Data modification in Hive
Hive is well-suited for reading large amounts of write-once data. Its optimal usage is loading data in bulk into tables and never modifying the data. In particular, for data stored in the ORC and Parquet formats, this usage pattern produces large, globally (or nearly globally) sorted files.
Periodic addition of data to tables (known as “trickle load”) is likely to produce many small files. The disadvantage of this is that Vertica has to access many more files during query planning and execution. These extra access can result in longer query-processing time. The major performance degradation comes from the increase in the number of file seeks on HDFS.

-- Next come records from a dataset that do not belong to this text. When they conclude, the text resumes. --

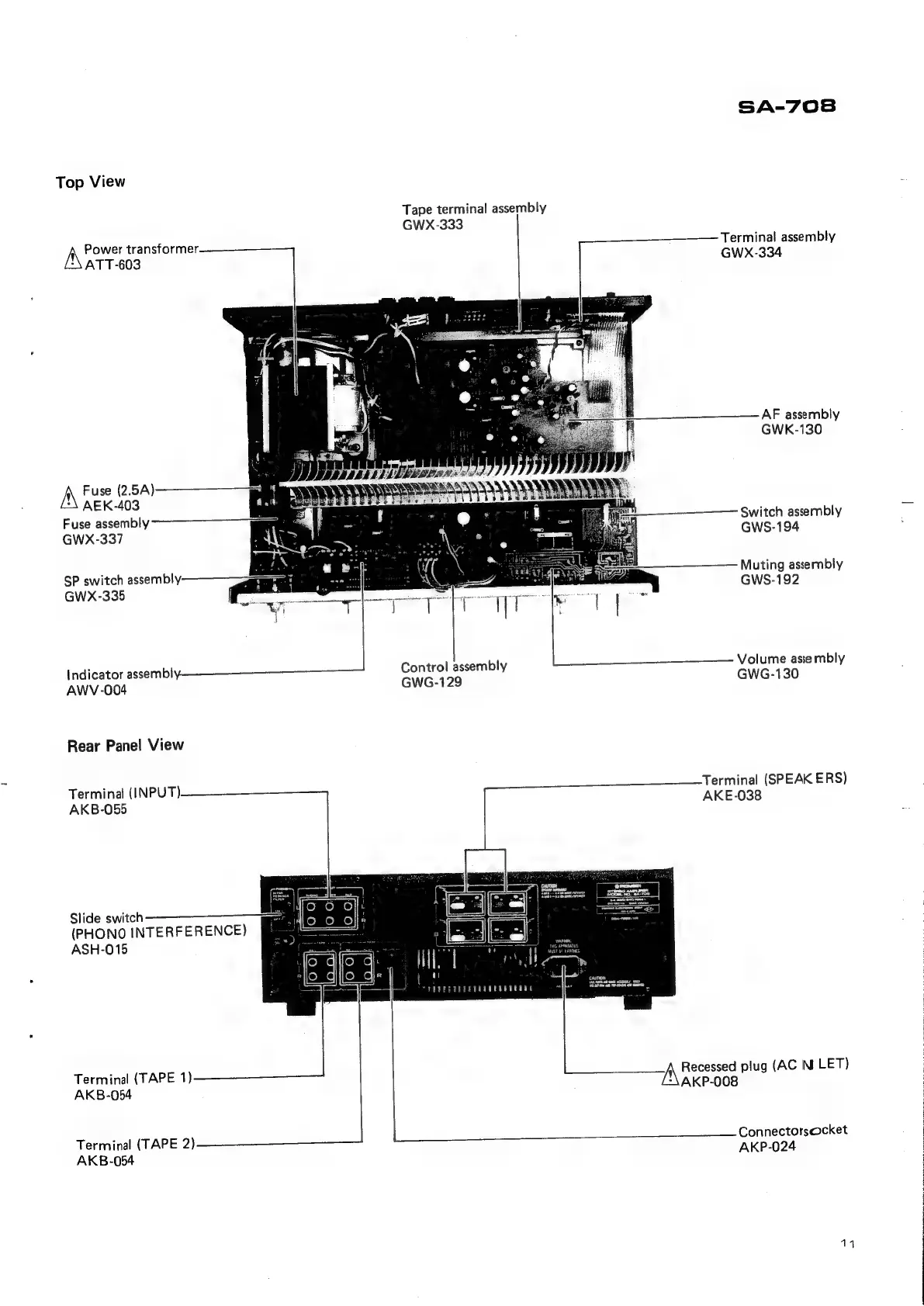 Pioneer SA-708 - Internal & Rear Panel Parts Location; Top View Parts; Rear Panel Views
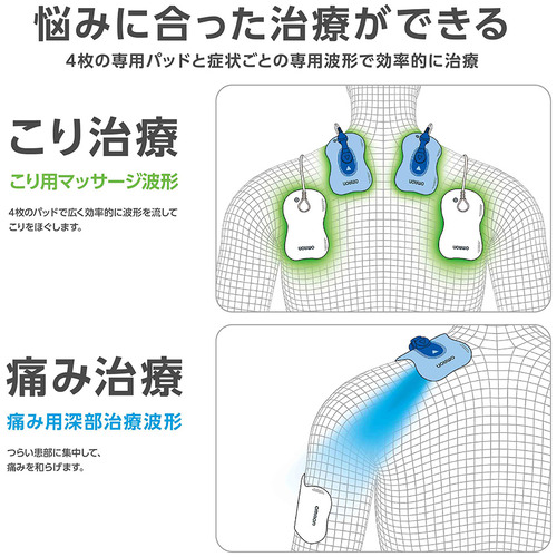 ●こり用マッサージ波形が4枚パッドで広範囲をもみほぐします。
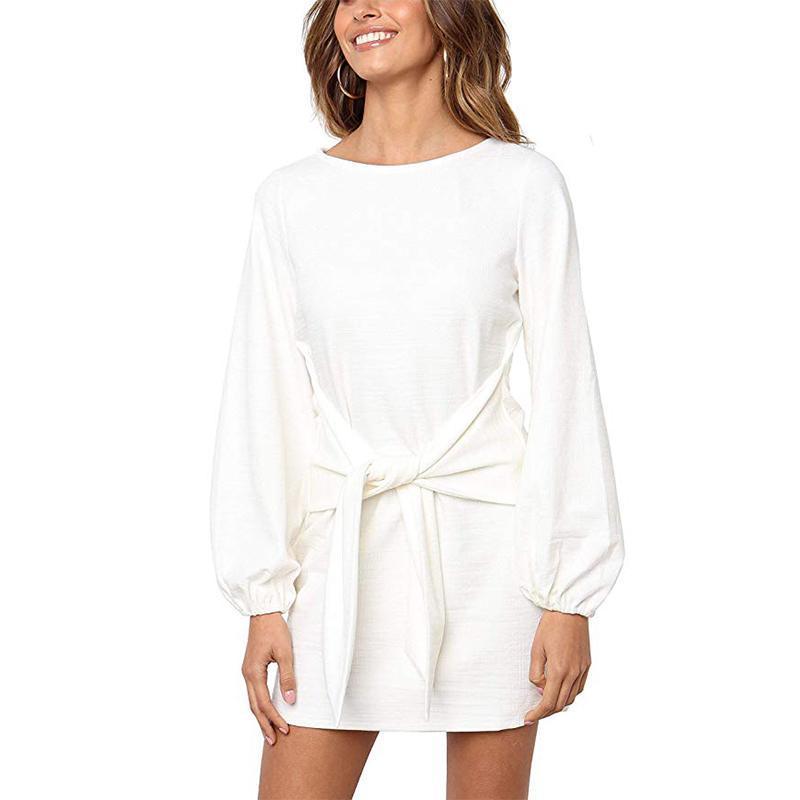 • This Style Has a Round Neckline, Full Length Lantern Sleeves, a Tie up Waist at the Front. Mini Length
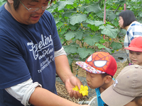 最後の質問タイムでは、「1日に何本とれるのですか?」とか、「どんなきゅうりをつくりたいですか?」の質問から、きゅうりをちぎる以外にするお仕事や、きゅうりの品種やサイズの種類 などまで、詳しい説明をしてくださいました。
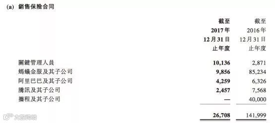在众安披露的关联交易里可以看到,公司与股东方蚂蚁金服销售渠道的业务增长不再显著,而对阿里巴巴和腾讯及子公司的依赖程度显著降低。
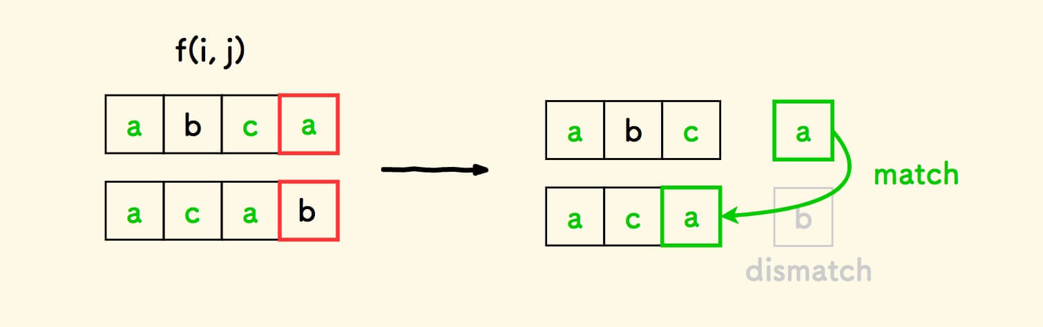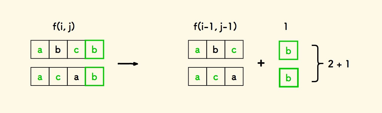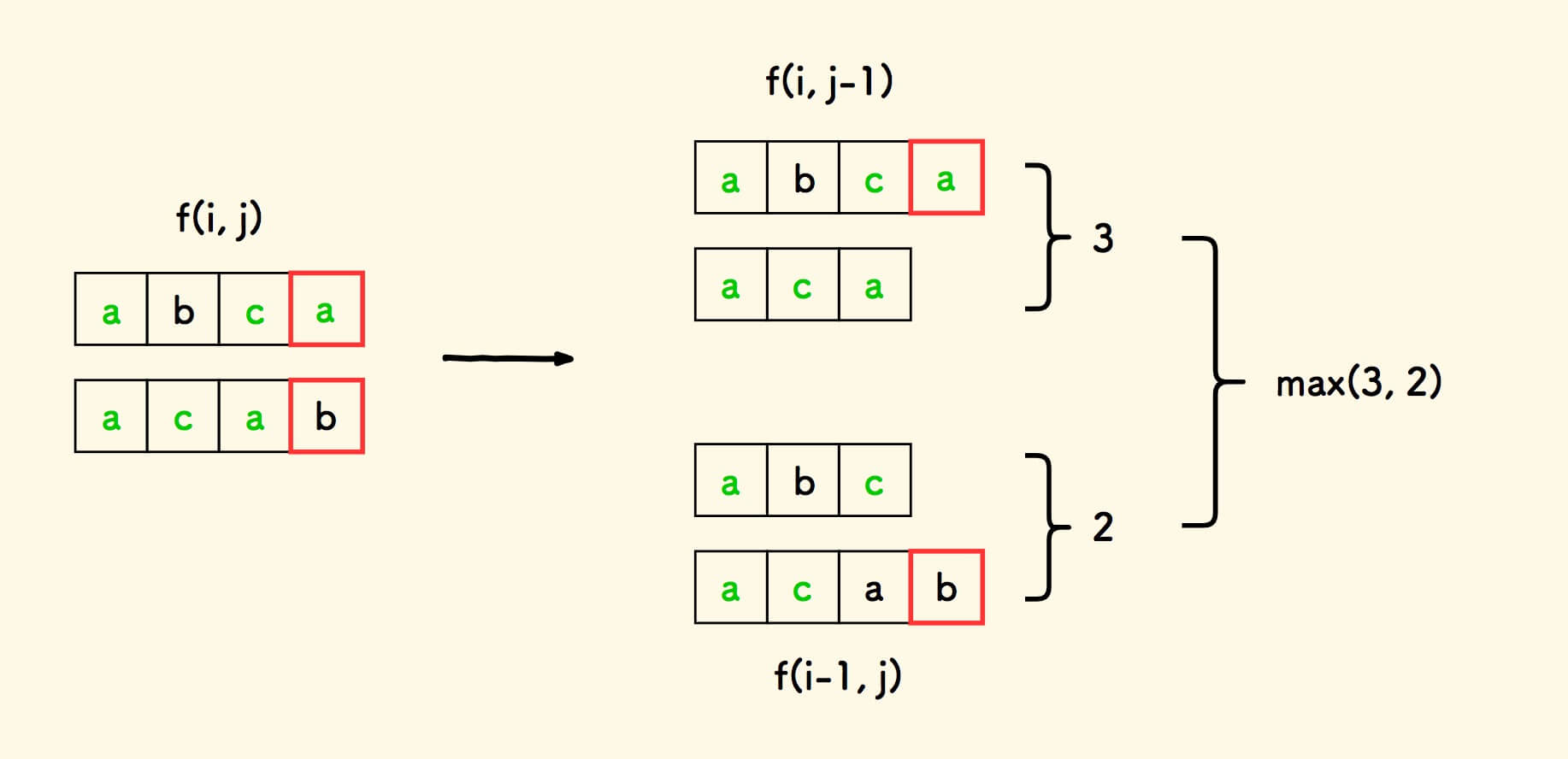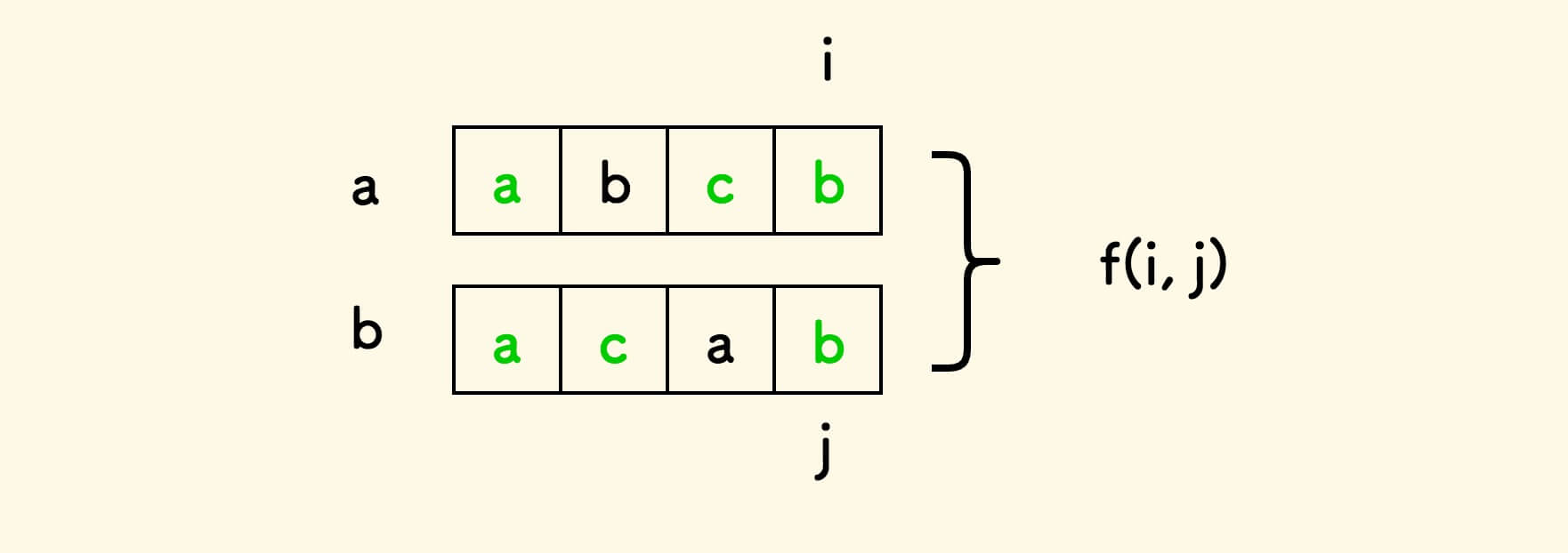 如果两个字符串的尾巴位置分别是 i 和 j , 假设它们的最长公共子序列的长度是函数 f(i, j) :

Hive can also modify underlying ORC or Parquet files without user involvement. If enough records in a Hive table are modified or deleted, for example, Hive deletes existing files and replaces them with newly-created ones. Hive can also be configured to automatically merge many small files into a few larger files.
When new tables are created, or existing tables are modified in Hive, you must manually synchronize Vertica to keep it up to date. The following statement synchronizes the Vertica schema "hcat" after a change in Hive:
=> SELECT sync_with_hcatalog_schema('hcat_local', 'hcat');
Schema evolution in Hive
Hive supports two kinds of schema evolution:
- New columns can be added to existing tables in Hive. Vertica automatically handles this kind of schema evolution. The old records display NULLs for the newer columns.
- The type of a column for a table can be modified in Hive. Vertica does not support this kind of schema evolution.
The following example demonstrates schema evolution through new columns. In this example, hcat.parquet.txt is a file with the following values:
-1|0.65|0.65|6|'b'
hive> create table hcat.parquet_tmp (a int, b float, c double, d int, e varchar(4))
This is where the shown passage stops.